Debt Consolidation


Debt Consolidation
Debt consolidation
In the process of debt consolidation, varied unsecured debts such as medical bills,
credit cards, payday loans, personal loans etc. are combined to single bill. offers innovative debt consolidation solutions. All your
payments are combined to one probable monthly payment with our debt
consolidation solutions. This helps in elimination of mistakes and avoids the
problems of late payments or wrong amount.
For all those who are in search of debt consolidation Australia can rely on our
services. We offer best solutions of debt consolidation to all those who find it
difficult due to several personal loans and credit cards. You can get the product
meeting your specific needs from the all-embracing financial services offered by
Debt consolidation loan:
In place of the hassle of making several payments to various creditors, you can
provide single lender with one payment with the help of Debt consolidation loan
(DCL). The interest rate of debt consolidation loan is fixed and it is often lower
compared to the one paid by you. This makes debts repayment easy and your
monthly payments are also reduced.
Debt consolidation loans are of different types such as personal loans, loans of
home equity, credit cards balance transfers on zero interest, student loans etc. The
tracking of finance becomes easy as your wide ranging bills are bundled by this
recognized way into one single payment. One can also take holiday loans for
several types of holidays and the rates are condition dependent.
Debt financing:
Both secured as well as unsecured loans are covered in debt financing. A type of
collateral is involved as the security that can serve as an assurance of loan
repayment. In case of any type of default by the debtor on loan, the debt payment
is satisfied by forfeiting this collateral.
The lender could be offered with one of the following type of security:
 Guarantors: an agreement is signed by them that state the guarantee of
loan payment by them.
 Co-makers: basically the principles having responsibility for paying the
 Accounts receivable: as soon as shipment of goods takes place, these allow
banks to spread 65-80% of the value of receivables.
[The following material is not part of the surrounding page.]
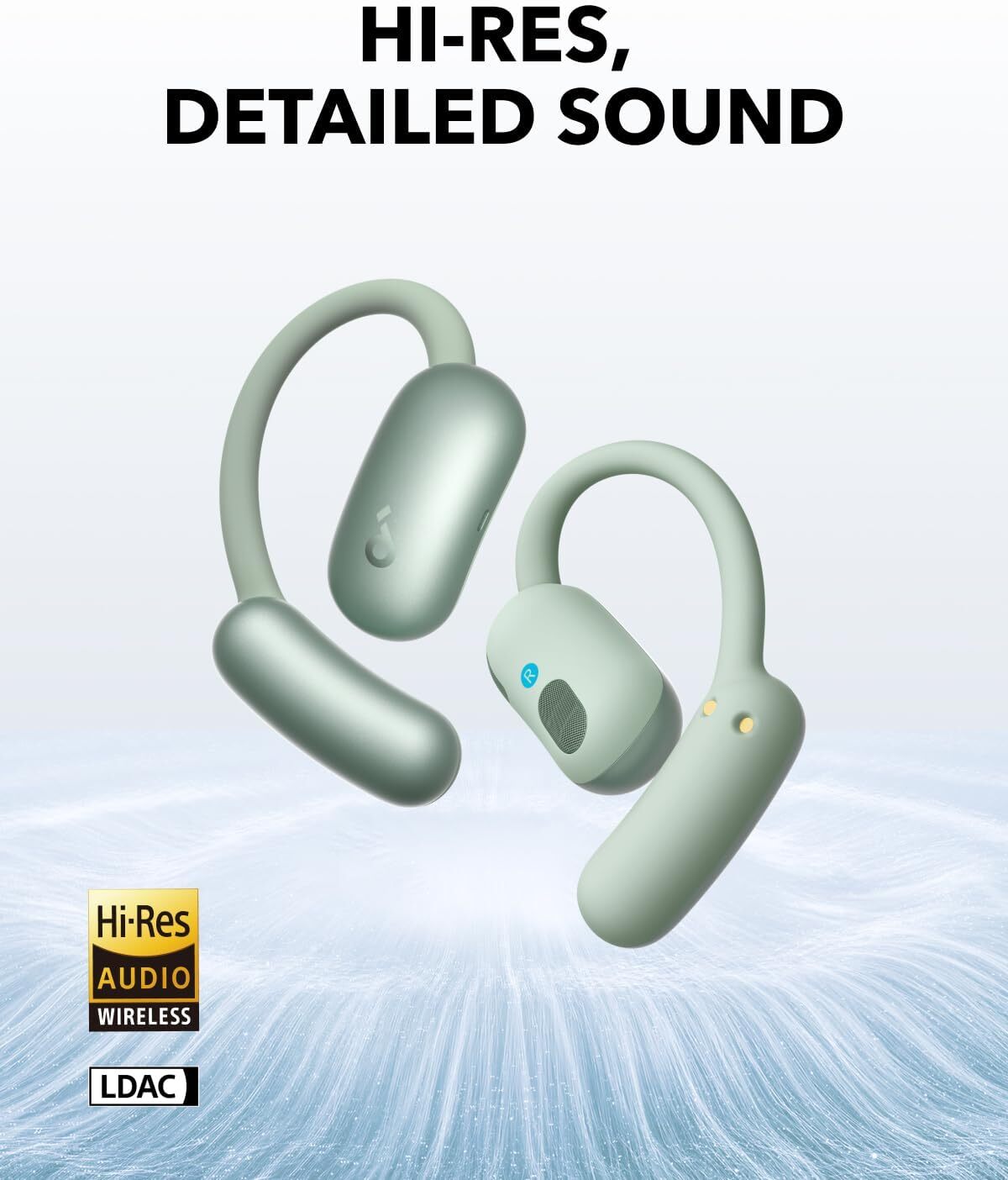 Soundcore AeroFit 2 by Anker, Open-Ear Headphones, Adjustable Ear Hooks, Snug Fit, Rich Bass, Hi-Res Wireless Audio, 42H Play, Bluetooth 5.4, Wireless Charging, IP55, AI Clear Calls. Indulge in full-bodied Hi-Res wireless audio, refined by LDAC.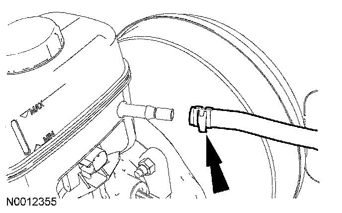 6. Disconnect the clutch pedal low pressure hydraulic hose from the master cylinder reservoir.

 Real estate: either private or commercial, accessed value’s 90 percent could
be counted in this.
 Equipment: for a loan, 60-65% of the value is provided by this as collateral
 Securities: for a loan repayment, the companies held publically are allowed
to offer bonds and stocks in the form of security.
 Deposit certificate or savings account: for the purpose of loan security, this
could also be used.
 Display merchandise: via the process termed as floor planning, loans could
be secured by using things like cars, furniture, electronic equipment etc.
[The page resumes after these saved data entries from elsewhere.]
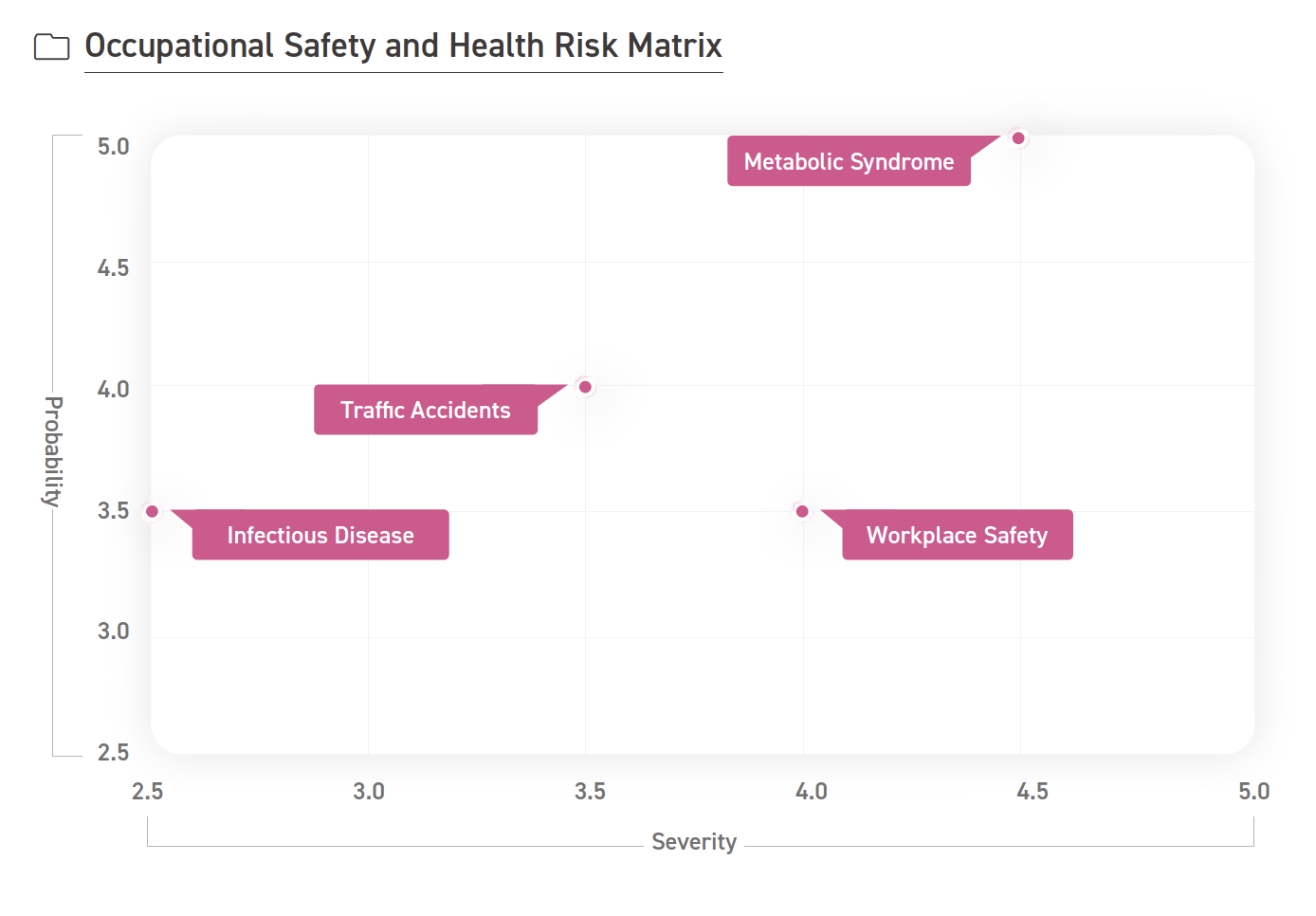 Based on the 2023 health risk assessment, 4 issues with medium to high incidence/impact levels were listed as health risks that need to be managed, among which metabolic syndrome, traffic accidents, infectious diseases and workplace safety were risk factors. TCB organized weight loss activities and 150 health promotion tours for those with high risk levels to effectively reduce the frequency of employee health hazards and improve organizational effectiveness.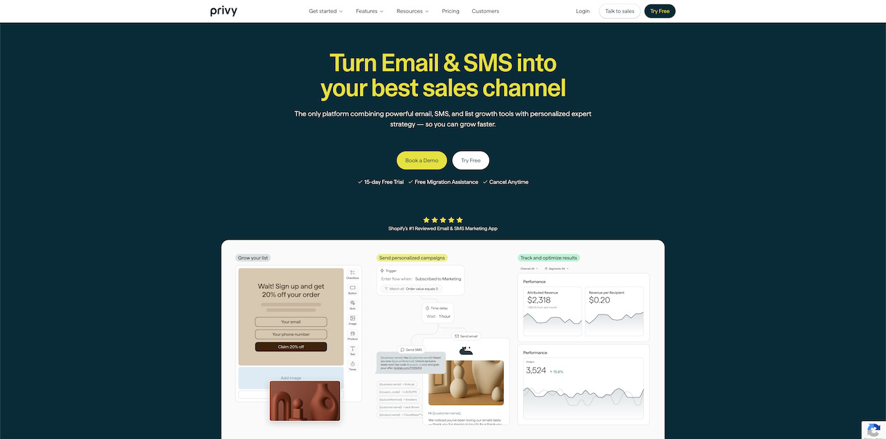 Privy does popups better than email. Powerful popup tools. Exit-intent triggers. Capture forms that convert. Shopify integration makes capturing emails easy at the right moments.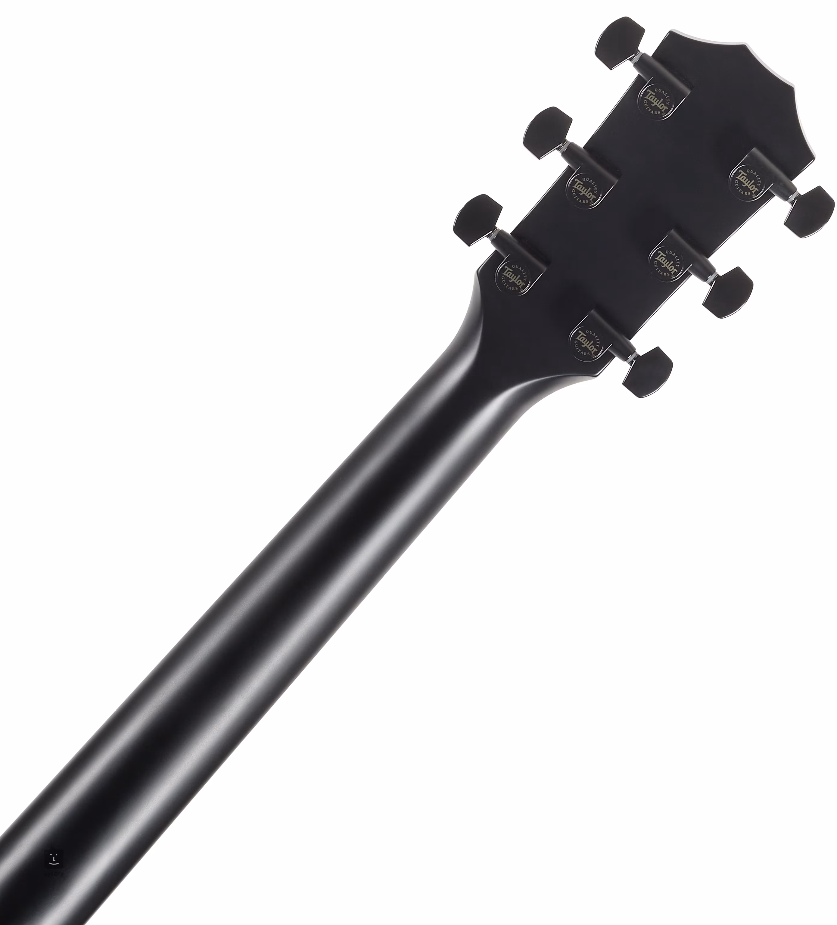 Der Mahagoni-Hals ist mit einem Ebenholz-Griffbrett mit zwanzig Bünden verleimt. Eine dezent abgerundete untere Korpusaussparung (Venetian Cutaway) erleichtert das Anschlagen in den höheren Lagen des Griffbretts. Die Stimmstabilität wird durch die NuBone-Saitenbefestigung über dem Nullbund in der Ebenholzkopfplatte und die schwarzen Taylor-Mechaniken gewährleistet. Der stilvolle Look des Instruments wird durch traditionelle Elemente in Form einer weißen, umlaufenden Korpusverkleidung, Positionsmarkierungen auf dem Griffbrett in Form von kleinen Perlmuttimitaten, einer Rosette aus Perlmuttimitat und einem schwarzen Schlagbrett unterstrichen.

 Warehouse inventory: of the loan amount, 50 percent is secured by this.
 Chattel mortgage: when collateral is some type of equipment- on the basis
of something that is less than the existing value of the equipment, loan is
made by the lender. Till the tome of loan repayment, the mortgage is hold
by the lender.
 Insurance policies: for the amount as good as 95 percent of cash value of
the policy, these can be taken as the collateral.